Stata The Stata listserver
[Date Prev][Date Next][Thread Prev][Thread Next][Date index][Thread index]

st: RE: variance components from random-effects ANOVA?


From   "Yulia Marchenko" <[email protected]>
To   <[email protected]>
Subject   st: RE: variance components from random-effects ANOVA?
Date   Mon, 26 Jul 2004 17:44:51 -0500

On Saturday, Alex wrote:

>I'm looking for a way to get estimates of variance components out of a
random effects ANOVA. While I
>understand that the -loneway- command includes variance component estimates
in its output for one-way random-
>effects ANOVA, I'd like to know whether these estimates can also be
obtained for two-way and higher-order ANOVA
>with random effects? I have looked all over the place, the manual, net
resources incl. the statalist archives,
>but to no avail.

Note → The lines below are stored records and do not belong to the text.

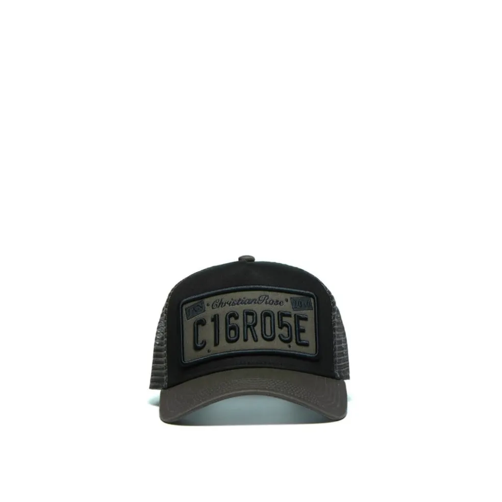 Christian Rose Plate Trucker Cap in Black
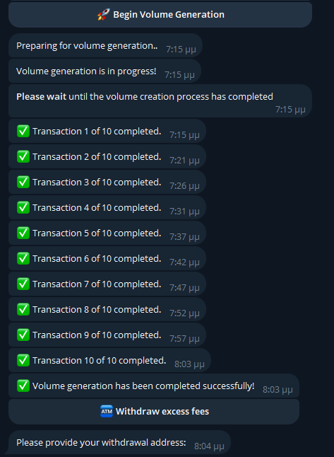 Volume Splitting: The bot breaks the total desired volume (e.g., $10k) into smaller, randomized transactions to mimic organic trading. For example:
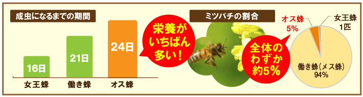 また、ミツバチは卵から成虫になるまでの期間に、餌となるローヤルゼリーやハチミツ、花粉などをたっぷりと体内に蓄積しますが、成虫になるまでの期間はそれぞれ異なっており、女王蜂が16日、働き蜂(メス)が21日、オス蜂が24日です。
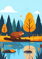 Beaver in Autumn Landscape Illustration
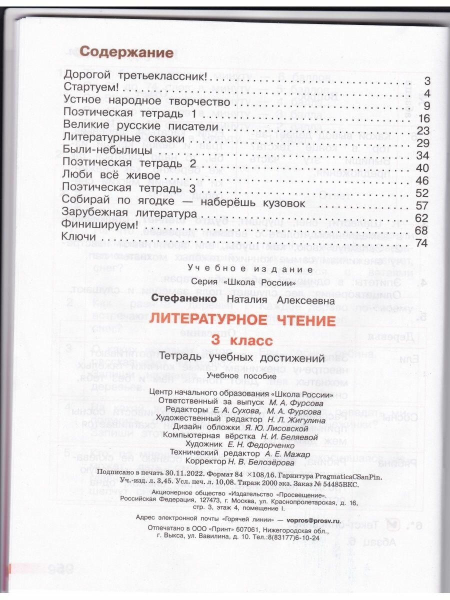 Литературное чтение. 3 класс. Тетрадь учебных достижений. Учебное пособие (Стефаненко Наталия Алексеевна); Просвещение, 2023
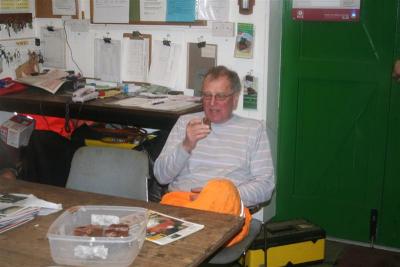 8. After moving away 'up country' , former regular volunteer Richard Willey - who has missed us so much this late autumn - returned to the gang today during his winter holiday break in Somerset. Richard tucks into some chocolate cake during the final tea break before going home time.
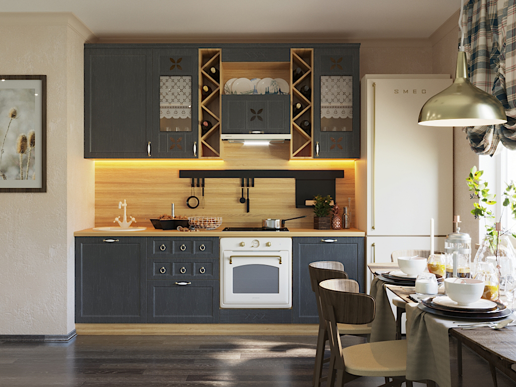 Окрыляясь чувством прерасного, была создана кухня Прованс 14, основа которой — оригинальное покрытие фасадов и неповторимое благородство дерева. Структурированная поверхность выглядит утонченно, а фактура придаёт интерьеру тепло и спокойствие. Кухня Прованс 14 создаёт ощущение уюта — то чувство, которое вдохновляет нас на новые победы. Гармоничный внешний вид дополнен бескомпромиссной функциональностью и удобством: автоматические системы плавного и беззвучного закрытия сделают ваше пребывание на кухне ещё более комфортным. Кухня Прованс 14 — это доступное решение для любого интерьера. Прямые кухни не занимают много места и оставляют пространство, в котором можно обустроить уютную обеденную зону. Если вы любите атмосферу спокойствия, свежести и утонченности в доме, то использование серого цвета в интерьере кухни будет беспроигрышным решением. Несмотря на свои размеры, кухня очень практичная и комфортная. С вместительными шкафами, полками, отделениями для встраиваемой техники и ящиками для мелочей проще поддерживать порядок, удобнее готовить, и находиться в такой кухне гораздо приятнее. Нежный, благородный и самобытный стиль прованс покоряет своим непосредственным деревенским колоритом, французским шармом и некой наивностью. Он идеально подходит романтичным натурам, которые любят окружать себя красивыми вещами, ценят комфорт и уют. Покрытие фасадов матовое - это означает, что фасады не оставляют отпечатков пальцев и очень легки в уходе.
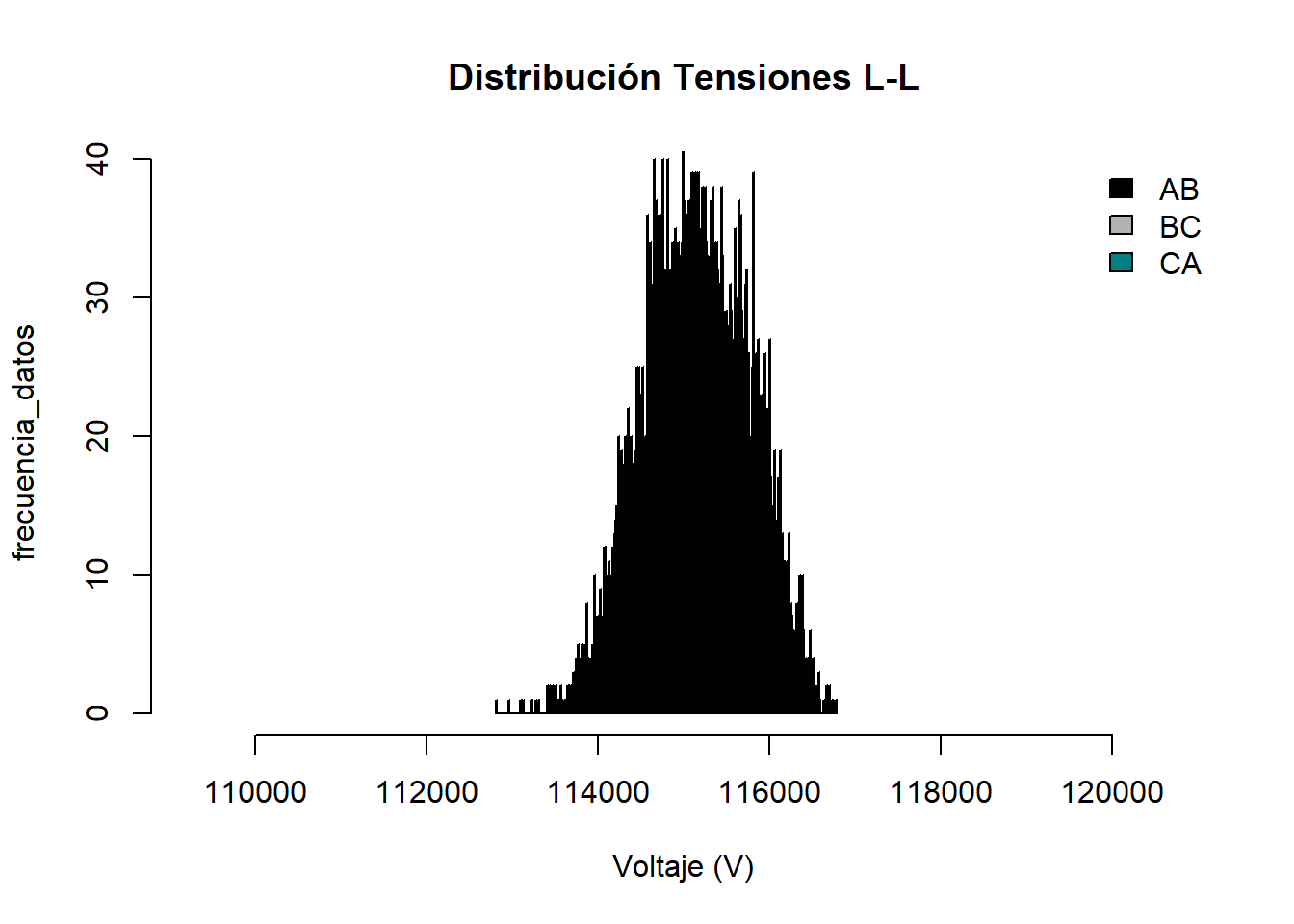 El voltaje promedio RMS se mantuvo dentro de los límites recomendados de ±5%, durante todo el periodo de medición, es un voltaje muy robusto que no presentó ninguna variación de consideración fuera de estos límites.
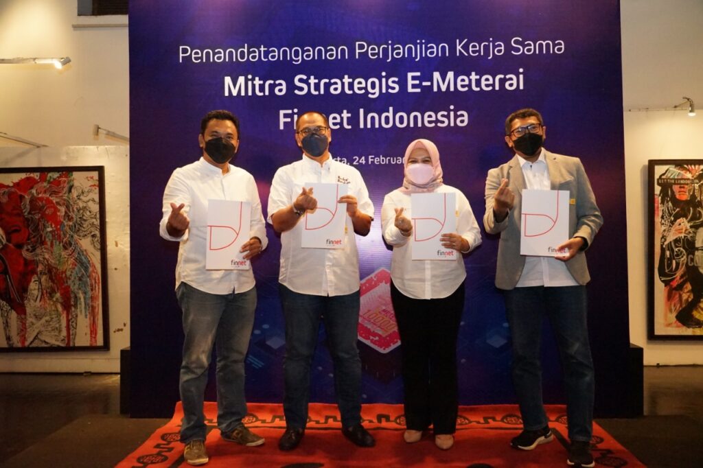 Global Cyber News.Com|Jakarta – PT Finnet Indonesia (Finnet) melakukan penandatanganan kerja sama distribusi e-Meterai dengan PT Pos Finansial Indonesia (POSFIN), PT Multimedia Nusantara (Telkom Metra) dan PT Kuwais International. Bertempat di Tugu Kunskring Palais baru-baru ini.
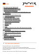 Inhalt SELECT LANGUAGE 1 Vor dem ersten Gebrauch 2 Erstes Einschalten des Tablet 3 Android Startbildschirm 3.1 Hinzufügen von Widgets und Verknüpfungen zum Startbildschirm 3.2 Festlegen eines Hintergrundes 3.3 Anwendungsmenü 4 Einrichten des Yarvik Tablet 4.1 Menü Settings (Einstellungen) 4.2 WiFi (WLAN) und Bluetooth 4.3 Sound (Ton) 4.4 Display 4.5 Apps 4.6 Storage (Speicher)/die MicroSD-Speicherkarte/das USB-Laufwerk 4.7 Language & input (Sprache & Eingabe) 4.
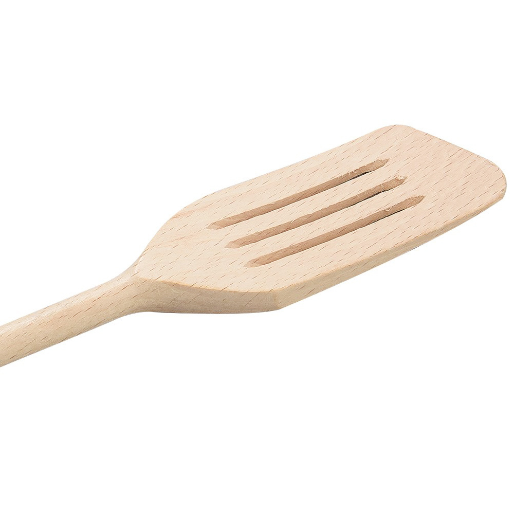 Ażurowa łopatka kuchenna została wykonana z twardego drewna bukowego, dzięki czemu nic do niej nie przywiera, a dodatkowo nie rysuje powierzchni teflonowych czy też ceramicznych.
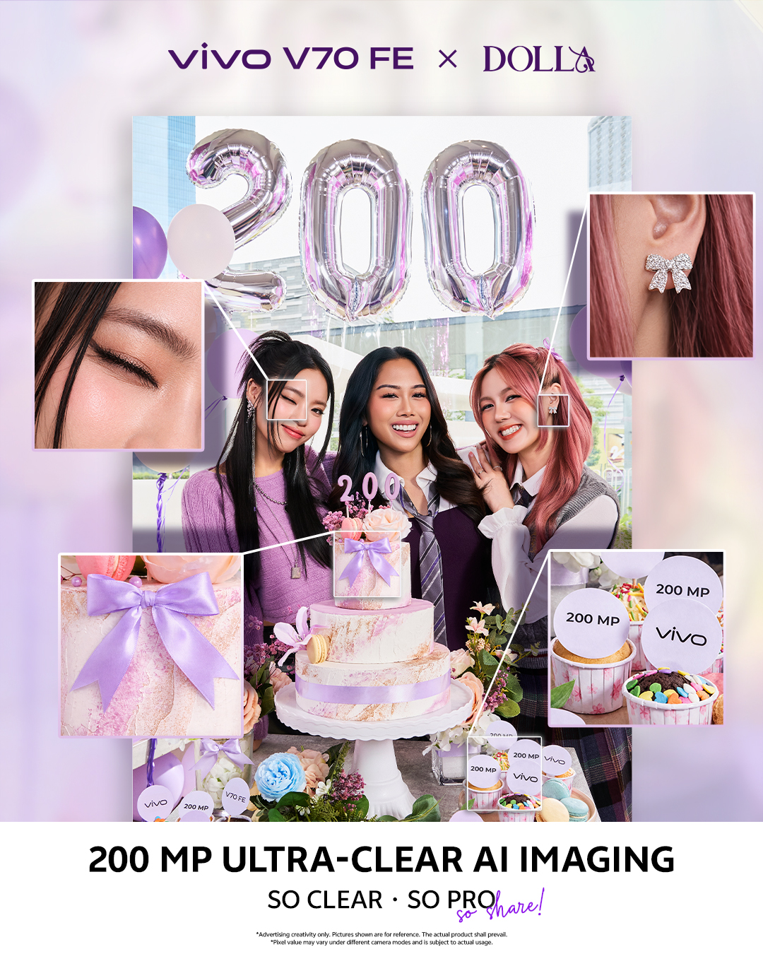 Bagi mengukuhkan lagi imej stailo peranti ini, vivo Malaysia turut mengumumkan kolaborasi bersama kumpulan gadis popular tempatan, DOLLA, sebagai official vivo V70 FE Friend.
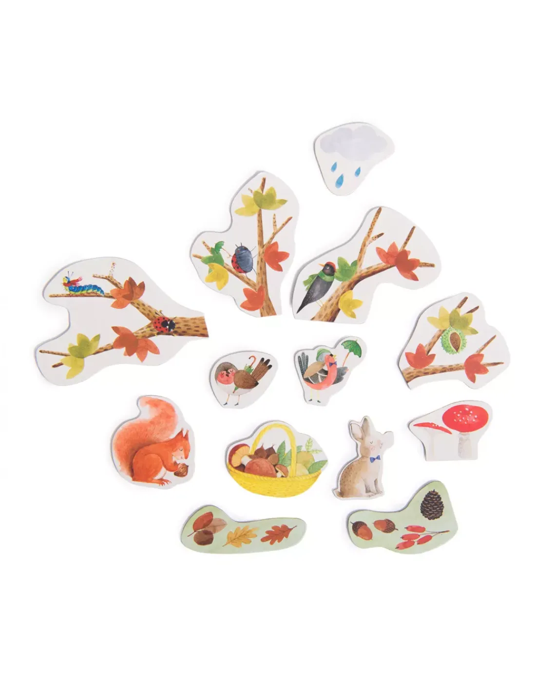 Un grand calendrier comprenant plus de 100 magnets pour se repérer dans le temps et apprendre les saisons, en habillant l’arbre illustré au fil de l’année. Il comprend aussi 4 enveloppes pour ranger chaque saison.
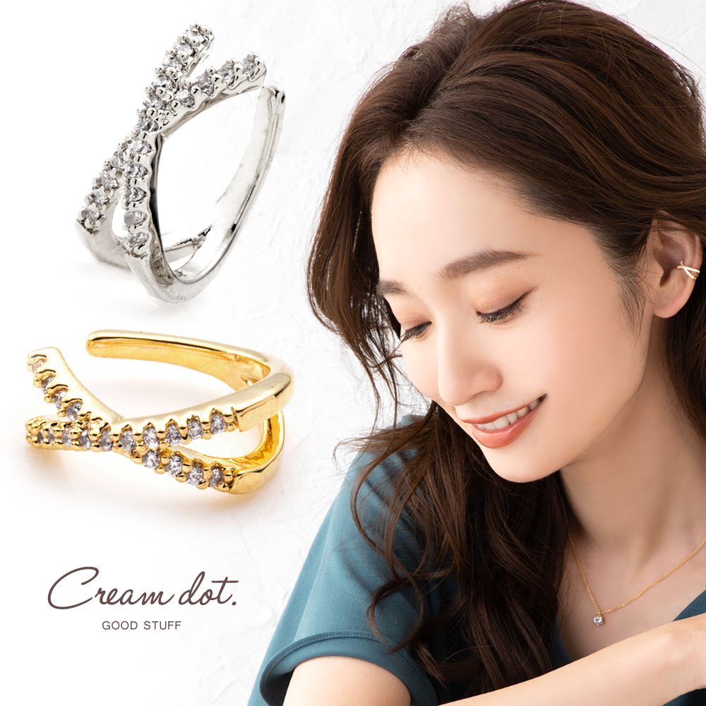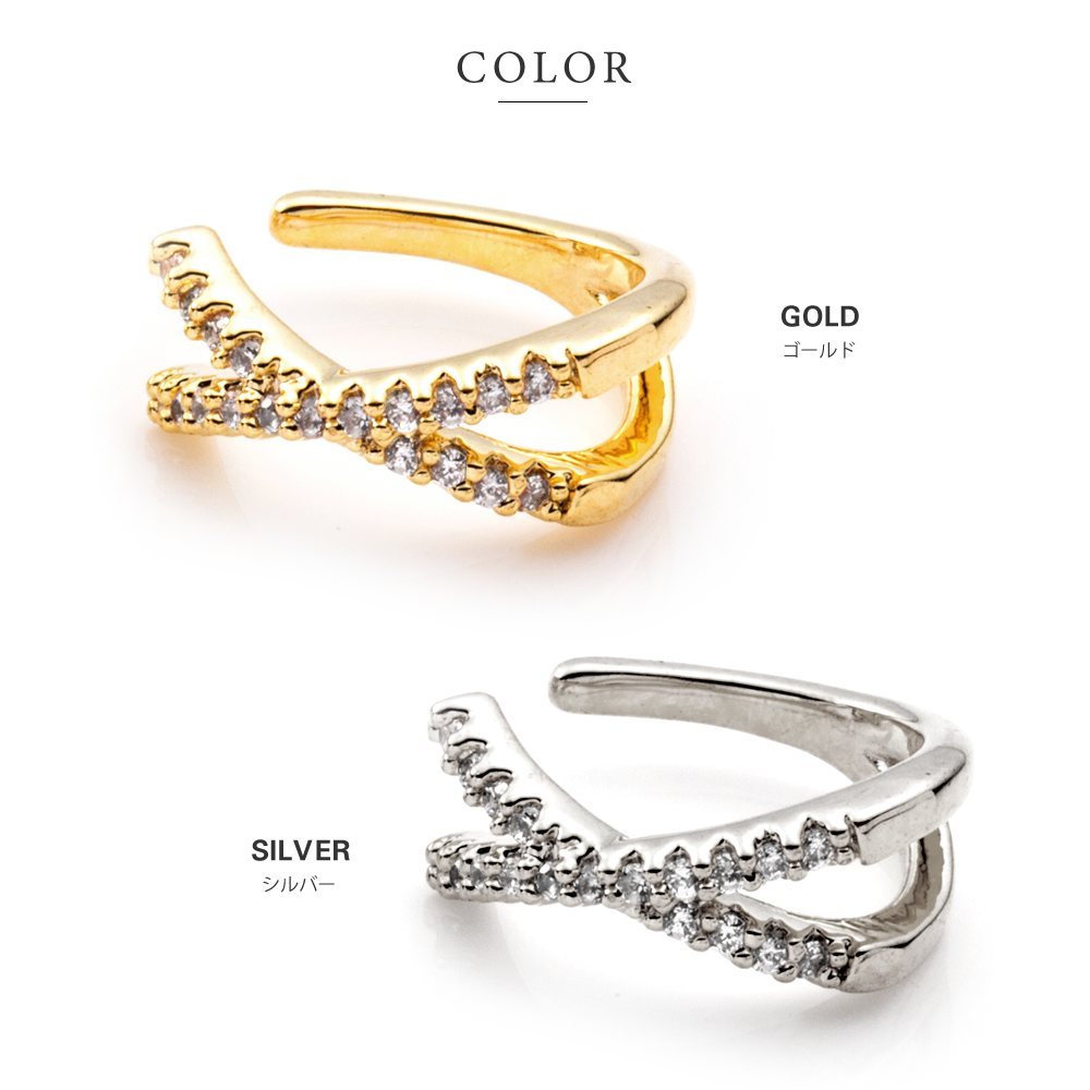 2つのビジューラインがクロスした片耳用イヤーカフ。キラキラと繊細に煌めく小粒ジルコニアと程よいサイジングでオトナっぽく上品な仕上がりに◎普段のコーデをアップデートしてくれるマストアイテム。
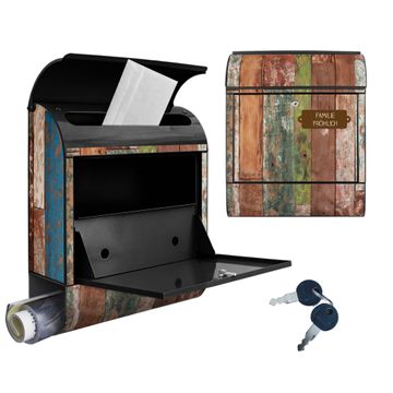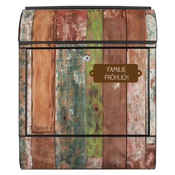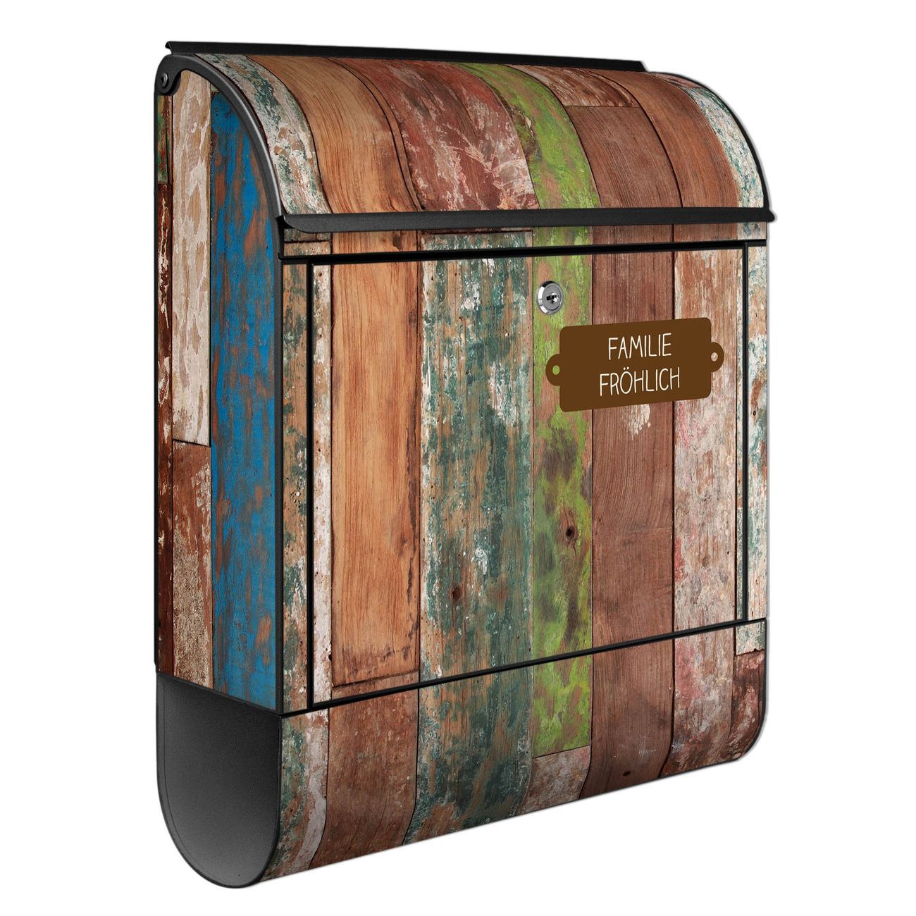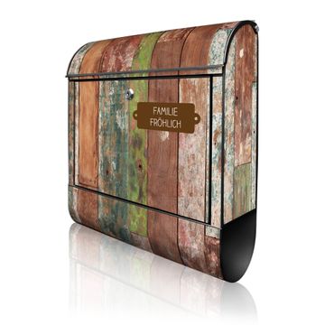 Großer Stahl Briefkasten Motiv Buntes Holz
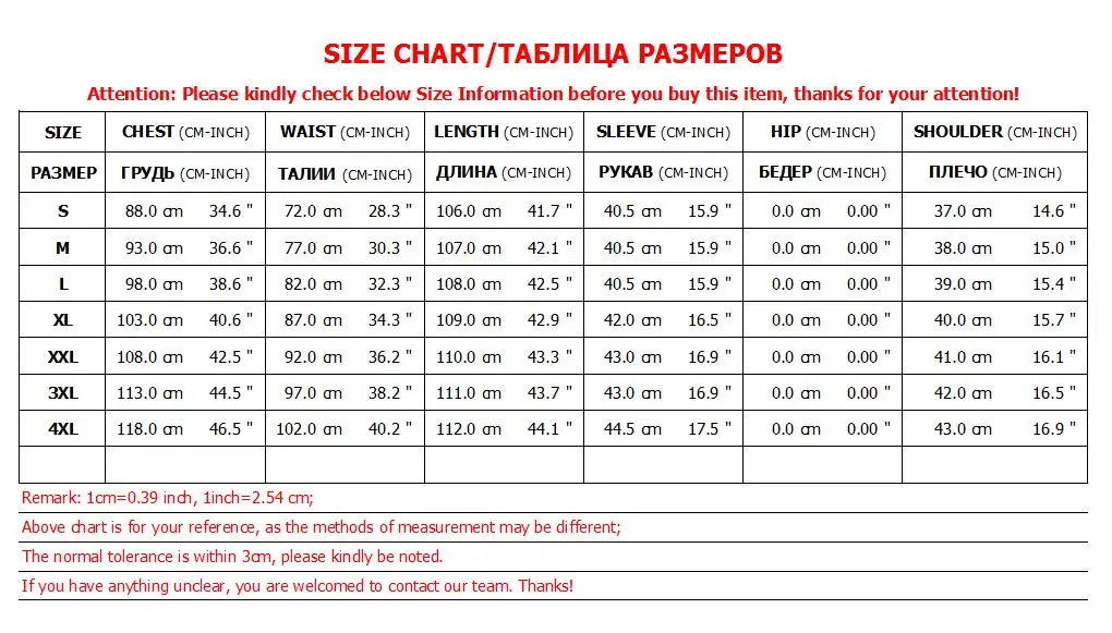1. Пожалуйста, внимательно проверьте таблицу размеров перед покупкой. Если у вас есть какие-либо вопросы об этом, пожалуйста, оставьте сообщение, чтобы сказать мне ваши веса и высоты, мы поможем выбрать правильный размер!
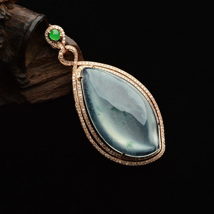 冰玻种飘花镶玫瑰金钻石随形胸坠

Is it the case that I have to compute the variance
component estimates manually from the Mean
>Squares?

Here are a couple of examples of how to calculate variance components in
using different types of designs. Unfortunately, we do have to compute the
variance components ourselves.

Before proceeding with the examples, note that in the 18may2004 update all
sum of squares and corresponding to them degrees of freedom are in the saved
results after -anova-. Therefore, there is no need to run -test-
after -anova- to get corresponding mean squared errors as we had to do
previously.

The examples come from the following two books:
http://www.stata.com/bookstore/doe.html
http://www.stata.com/bookstore/sped.html


1)	Random effect with one-way factorial design:
You can use STATA command -loneway- to get variance components estimates
(example in [R] loneway p.338) for both balanced and unbalanced cases.

2)	Random nested factors.
Data is from Kuehl, "Design of Experiments", 2nd edition, p.243, example 7.3

/**********random nested factors******/
clear
input day run glu
1 1 42.5
1 1 43.3
1 1 42.9
1 2 42.2
1 2 41.4
1 2 41.8
2 3 48.0
2 3 44.6
2 3 43.7
2 4 42.0
2 4 42.8
2 4 42.8
3 5 41.7
3 5 43.4
3 5 42.5
3 6 40.6
3 6 41.8
3 6 41.8
end

anova glu day / run|day/
di "variance components:"
quie{
local r 3
local b_run 2
scalar reps=  e(rss)/ e(df_r)
scalar runs=  (e(ss_2)/e(df_2)- e(rss)/e(df_r))/`r'
scalar days=  (e(ss_1)/e(df_1)- e(ss_2)/e(df_2))/(`r'*`b_run')
}
di "sigma^2 reps = " reps
di "sigma^2 run = "  runs
di "sigma^2 day = "  days
scalar total = reps + runs + days
di "sigma^2 total = "  total

/*****************************using matrices******************************/
quie{
mat b = (e(ss_1)/e(df_1) , e(ss_2)/e(df_2), e(rss)/e(df_r))
mat C = (1,`r',`r'*`b_run' \1,`r',0\1,0,0)
mat v = inv(C)*b'
mat v = v \ trace(diag(v))
matrix colnames v = sigma^2
matrix rownames v = rep/run run/day day total
}
mat list v
exit

Estimates of variance components are obtained by equating the expected
values of the mean squares to their expectations with replacement of
parameters by their estimators. This results in system of linear equations.
We can solve this system of equations rather than relying on formulas. That
is what I have done above in the part named "using matrices".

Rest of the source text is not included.